Current Economic Strain

The current shutdown comes as D.C.’s economy faces significant challenges from ongoing federal workforce reductions. According to the CFO’s September 2025 revenue estimate, the District has lost nearly 11,000 jobs between January and August 2025, with federal employment accounting for 8,700 of those losses.

The September report warns that additional job cuts are expected to accelerate in early fiscal year 2026 as a significant number of federal employees who accepted deferred resignation offers leave the workforce. The CFO projects a reduction of slightly over 20% in the District’s federal payrolls by 2029.

“Another risk is the prospect of a prolonged federal government shutdown, which could place significant strain on the economy,” CFO Glen Lee wrote in the September report. “Previous federal government shutdowns disrupted the District’s economy and had a range of impacts on revenue.”

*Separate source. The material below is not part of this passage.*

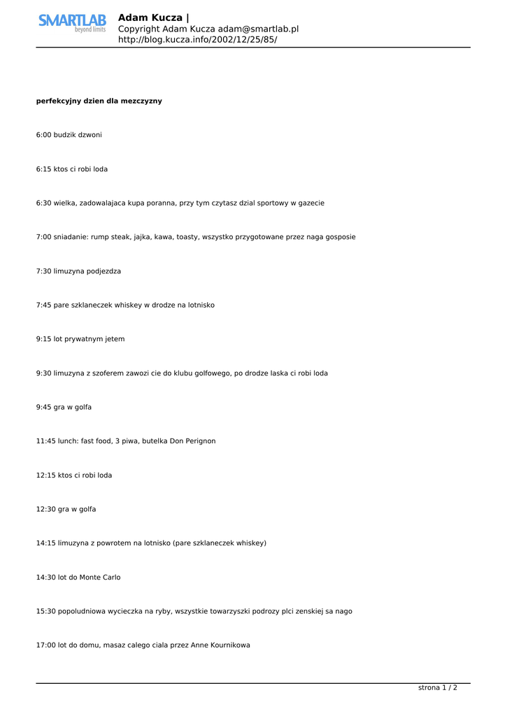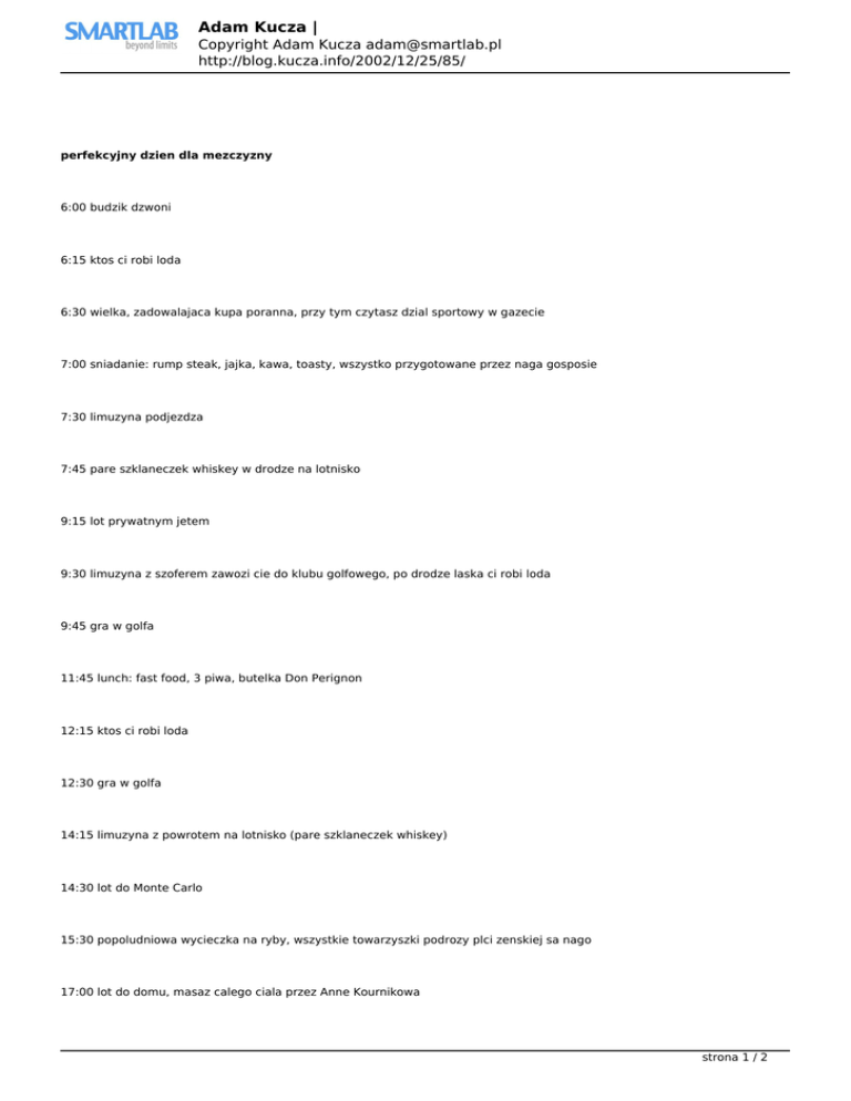 Adam Kucza | Copyright Adam Kucza [email protected] http://blog.kucza.info/2002/12/25/85/ perfekcyjny dzien dla mezczyzny 6:00 budzik dzwoni 6:15 ktos ci robi loda 6:30 wielka, zadowalajaca kupa poranna, przy tym czytasz dzial sportowy w gazecie 7:00 sniadanie: rump steak, jajka, kawa, toasty, wszystko przygotowane przez naga gosposie 7:30 limuzyna podjezdza 7:45 pare szklaneczek whiskey w drodze na lotnisko 9:15 lot prywatnym jetem 9:30 limuzyna z szoferem zawozi cie do klubu golfowego, po drodze laska ci robi loda 9:45 gra w golfa 11:45 lunch: fast food, 3 piwa, butelka Don Perignon 12:15 ktos ci robi loda 12:30 gra w golfa 14:15 limuzyna z powrotem na lotnisko (pare szklaneczek whiskey) 14:30 lot do Monte Carlo 15:30 popoludniowa wycieczka na ryby, wszystkie towarzyszki podrozy plci zenskiej sa nago 17:00 lot do domu, masaz calego ciala przez Anne Kournikowa strona 1 / 2 Adam Kucza | Copyright Adam Kucza [email protected] http://blog.kucza.info/2002/12/25/85/ 18:45 kupa, prysznic, golenie 19:00 ogladasz wiadomosci w telewizji: Brad Pitt zamordowany, marihuana i hardcore-pornos zalegalizowane 19:30 kolacja: rak na przystawke, Dom Perignon (1953), wielki stek, na deser lody serwowane na nagich piersiach 21:00 Napoleon Cognac, Cohuna, ogladasz sport w tv na szerokopanoramicznym duzym odbiorniku, Niemcy pokonuja Holandie 11:0 (od tlum. wstaw wedlug preferencji np. Wisla Krakow - Legia 11:0, albo Widzew-Bayern 11:0) 21:30 sex z trzema kobietami, wszystkie wykazuja sklonnosci do nimfomanii 23:00 masaz i kapiel w whirlpoolu, do tego pizza i duze jasne 23:30 ktos ci robi loda "na dobranoc" 23:45 lezysz sam w lozku 23:50 12-sekudnowy pierd, ktorego ton zmienia sie 4 razy i ktory zmusza psa do opuszczenia pokoju strona 2 / 2

The September revenue estimate also projects the District’s economy will enter a moderate recession in fiscal year 2026, with gross domestic product expected to contract by 3.5% before beginning a gradual recovery in fiscal year 2027. The unemployment rate is forecast to reach 6.8% in both fiscal years 2026 and 2027, up from 5.7% in fiscal year 2025.

Vulnerable Revenue Streams

City officials note the District’s revenue base has become increasingly volatile since the pandemic, with greater reliance on corporate franchise taxes and capital gains earnings rather than more stable sources like property, withholding and sales taxes.

Real property tax collections have declined due to lower commercial property values resulting from reduced demand for office space as remote work has expanded. The average office vacancy rate in the central business district reached 18.5% in the second quarter of 2025.

As the most government-dependent economy in the United States, D.C. benefits from a stabilizing federal presence but also faces unique vulnerabilities when federal operations are disrupted. The 2019 shutdown report emphasized this tension, noting federal cutbacks remained “a drag on the local and regional economies.”

While it’s too early to determine the precise financial impact of the current shutdown, the 2018-2019 precedent suggests a prolonged closure could exact a significant toll on the District’s already strained economy.